Я держался мужественно, не поддаваясь соблазну «расслабиться». А до этого был один шаг: достаточно было взять желанный стакан вина. И все! И понесет меня легкий челн по волнам быстротечной реки, убаюкивая мечты и фантазии самыми цветочными красками.
Все же устоял, не уступил своей слабости. Занял себя тем, что поехал в театр, хотя никакой нужды у меня в том не было. Ничего нового в расписании — все, как и прежде: репетиции не моих сцен, на сцене не мои спектакли.
Зашел в гримерку.
Званцов (теперь уже с ним мы сидели спина к спине: гримерный столик Юлика достался ему) и Клецко из соседней гримерки, с глазами «повышенной влажности», курили сигареты. Из репродуктора звучали голоса репетирующих на сцене. Поздоровались.
— Александр Анатольевич, вам кроличьи тушки за полцены не нужны? — обратился ко мне Званцов.
— Не понял, — сказал я.
— Кроличьи тушки за полцены! — размахивал руками, объяснял мне Званцов. — На Комаровке они четыре тысячи стоят, а тут две.
— Где это тут и откуда такая щедрость? — удивился я.
Глаза Званцова стали еще более влажными, приобрели какую-то новую яркость, блеск, будто у него резко поднялось артериальное давление.
— Знакомый мой на кроличьей ферме работает. Продает. Говорил, сколько хочешь можно взять. Андрон и директор заказали по пять штук. Куль десять берет. Так будете брать? — пулеметной очередью выдал Званцов, активно размахивая руками.
Я прикинул в голове: четыре тысячи и две — разница очевидная. Почему бы и не взять? Хотя кроличье мясо мне не очень нравится, но в голодное время пригодится.
— Возьму две тушки, — согласился я.
Званцов втянул коротко стриженую голову в плечи, его лицо покраснело, глаза наполнились слезами и он, хрюкая, отрывисто засмеялся.
— Шутка, — успокоившись, сказал он.
Поняв, что лоханулся, через несколько мгновений я тоже начал смеяться. Не первый раз попадаюсь на его приколы. И не я один. И Салевичу он продавал дешевый кубинский табак для трубки, и Конькову белые летние тапочки почти бесплатно, а Ветрову велосипедное колесо обещал за копейки. Были и других его прикольные обещания.
В результате все заканчивалось одним словом — «шутка!» — и веселым смехом. Никто не обижался. Все проглатывали его смешинку и смеялись вместе с ним.
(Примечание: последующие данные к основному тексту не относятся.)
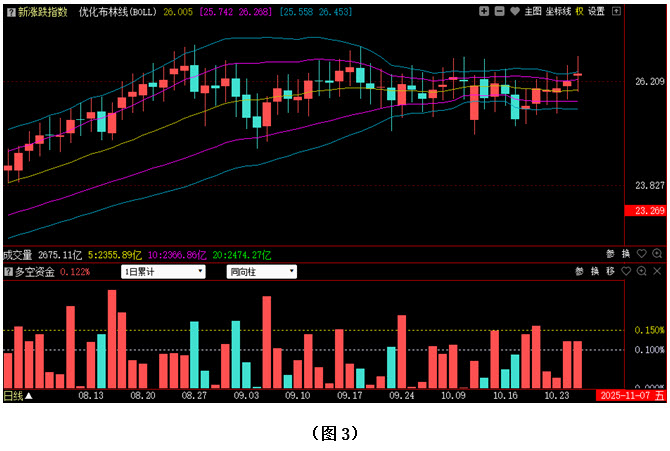 今日两市上涨个股共3361只,其中涨幅超过3%的个股628只,涨幅在9.9%以上的个股87只;下跌个股共1862只,其中跌幅超过3%的个股189只,跌幅在9.9%以上的个股15只。图3所示为指南针特有的0Z指数K线图,从图中可以看到,今日0Z指数开盘在优化布林上紫线上方,并继续小幅上扬,最终收出一根小阳线,收盘位置则上移至优化布林上轨附近,但0Z指数的优化布林敞口依然没有出现明显发散。可见今日场内多数中小盘个股都有持续上扬动作,但涨幅大多较小,所以市场整体上还是运行在自8月26日以来的震荡区间内部,尚未出现明确的向上突破动作。从下方的多空资金来看,今日0Z指数的多空资金为流入状态,且资金流入量与上周五基本持平,有利于后市继续向上攀升。在这种情况下,如果大盘站上4000点后能够进一步激发起投资者的追涨热情,市场整体走势就有望向上形成突破。建议大家在控制好仓位的同时,密切关注多空资金的进出情况,若多方后续无力,0Z指数在8月26日以来的震荡区间上沿附近遇阻,后市则仍会有再次下探可能。
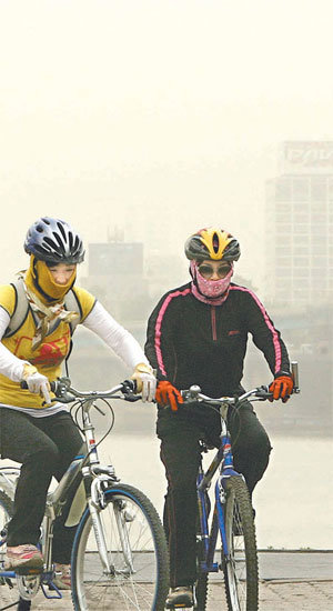 30日、ソウル永登浦区汝矣島(ヨンドゥンポグ・ヨウィド)の漢江(ハンガン)辺で市民たちが黄砂を避けるためにマスクとタオルで鼻と口を覆ったまま自転車に乗っている。同日、中部地方には黄砂注意報が下された。
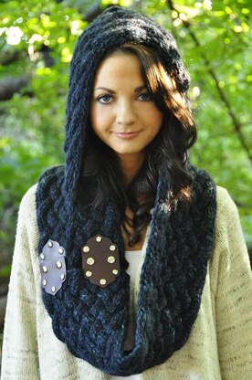 Are you looking for a fashionable way to keep your face and ears warm this Winter? Do you want to wear a face mask but are afraid of looking like a robber? Fear no more, your favorite new Winter accessory is here! Maschera was designed to keep you snug and styling all at the same time. Inspired by the JUL Venetian Hinge hardware used to close the cowl, Maschera features a Basket Cable stitch pattern reminiscent of the Venice canals. The snap closures allow you to wear this design in two ways - as a draped cowl, or wrapped around your head to convert into a face mask. However you choose to wear it, you will look and feel awesome!
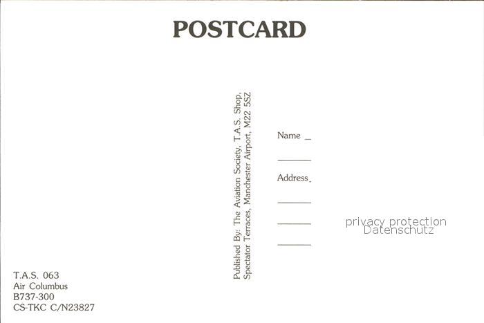 Flugzeuge Zivil Air Columbus B737-300 CS-TKC c/n 23827 postalisch nicht gelaufen Erhaltung siehe scans
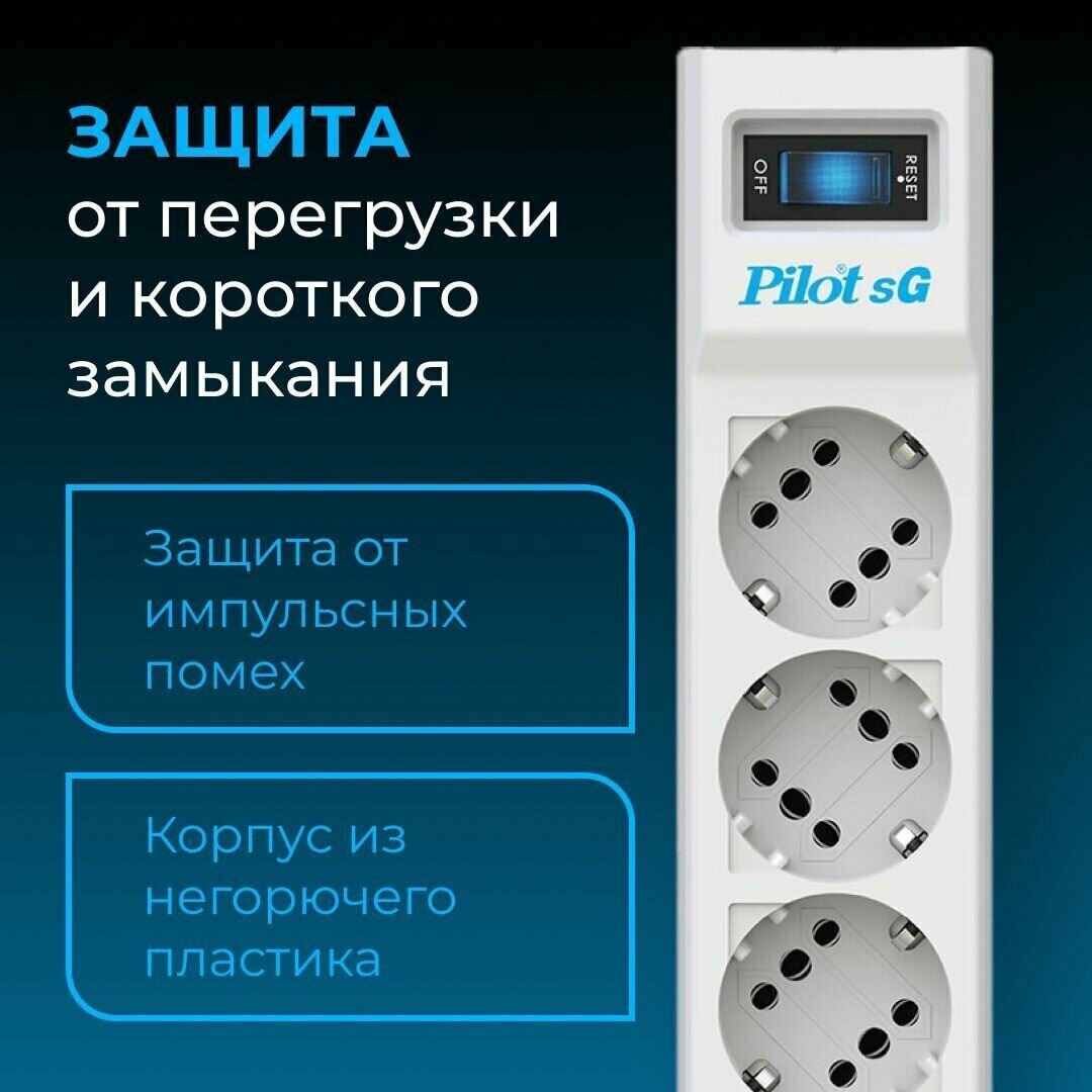 Сетевой фильтр Pilot SG 5x10, 5 метров, 5 розеток, с/з, 10А / 2200 Вт, белый
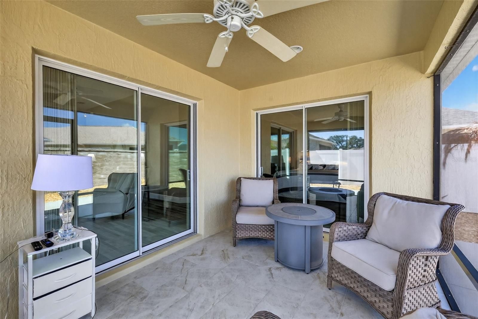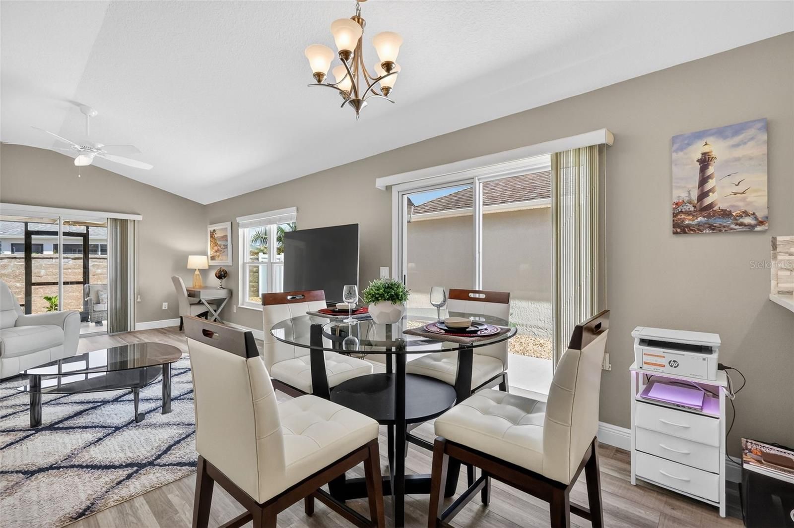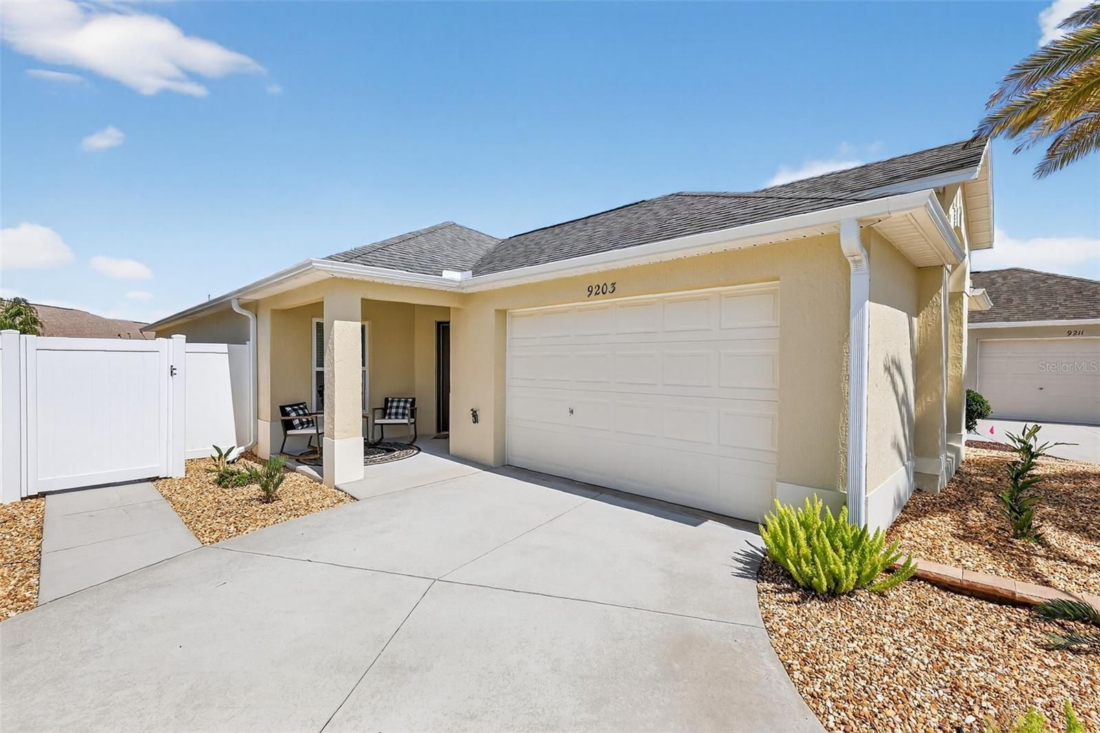 Welcome to Your Dream Home! Discover this MOVE-IN READY 2/2 Cambridge Courtyard Villa, nestled in the serene and desirable Phillips Villas community within the Village of Woodbury. As you approach, the beautifully landscaped exterior, featuring decorative rocks and newly planted greenery, invites you in. Upon entering, you'll be greeted by a spacious interior that radiates warmth and comfort. Luxury vinyl plank flooring throughout adds a sleek, modern touch. The open floor plan, enhanced by vaulted ceilings, allows for a seamless flow from room to room, creating a bright and welcoming atmosphere. The open kitchen is a chef's delight, boasting ample cabinetry, QUARTZ countertops, an EAT-IN bar area, and SS Appliances. The generous living and dining areas are perfect for everyday living and entertaining, while sliding doors off the dining room lead to a concrete patio ideal for grilling. Step outside to the SCREENED LANAI from the living room, a perfect spot for entertaining guests or enjoying a quiet evening. The primary bedroom features a TRAY CEILING, sliders to the lanai, a spacious walk-in closet, and an en-suite bath with a walk-in shower for your comfort. Your guests will appreciate their privacy in the guest bedroom, which offers a vaulted ceiling, ample closet space, and an en-suite bath, essentially providing a second suite. The LARGE PRIVATE COURTYARD has NO GRASS, ensuring low-maintenance care while being perfect for entertaining, relaxing, or soaking up the Florida lifestyle. Phillips Villas features its own neighborhood pool and is conveniently located near the VA Hospital, abundant shopping, and dining options. You'll also be minutes from the Mulberry Rec Center, which includes a pool and 10 pickleball courts, as well as the First Responders Rec Center, pool pickleball courts, fire-pit and putting course. For golf enthusiasts, the Nancy Lopez Country Club offers a stunning 27-hole championship course, fine dining, and casual fare at the pool bar, with four additional executive golf courses just a short golf cart ride away. This location can't be beat! ROOF, HVAC, WATER HEATER - 2016 | Lanai Tile - 2020 | Interior Painted - 2020 | Quartz Counters and Backsplash - 2023 | Range - 2026 | Landscaping - 2026 | BOND PAID - 2026 | 2014 Yamaha Gas Golf Cart included | Turn-Key see attached listing of items

Вот и сейчас он смеялся до упаду и я тоже — от розыгрыша.
— Ну ты даешь, Званцов! — пытаясь защититься от этого беспардонного шутника (что ни говори, а я все-таки чуть ли не вдвое старше Званцова), воскликнул Клецко.
— Не бойся, — хлопнул его по плечу Званцов. — У Александра Анатольевича с юмором все в порядке.
И ко мне заговорщицки:
— Сотку потянешь, Анатольевич?
Я отчаянно замахал руками, отказываясь. Соблазн вновь подступил так близко, что я чуть не поскользнулся на нем. Устоял-таки. Понял: если буду еще бродить по театру, то обязательно нарвусь на какой-нибудь запретный плод. И сорвусь.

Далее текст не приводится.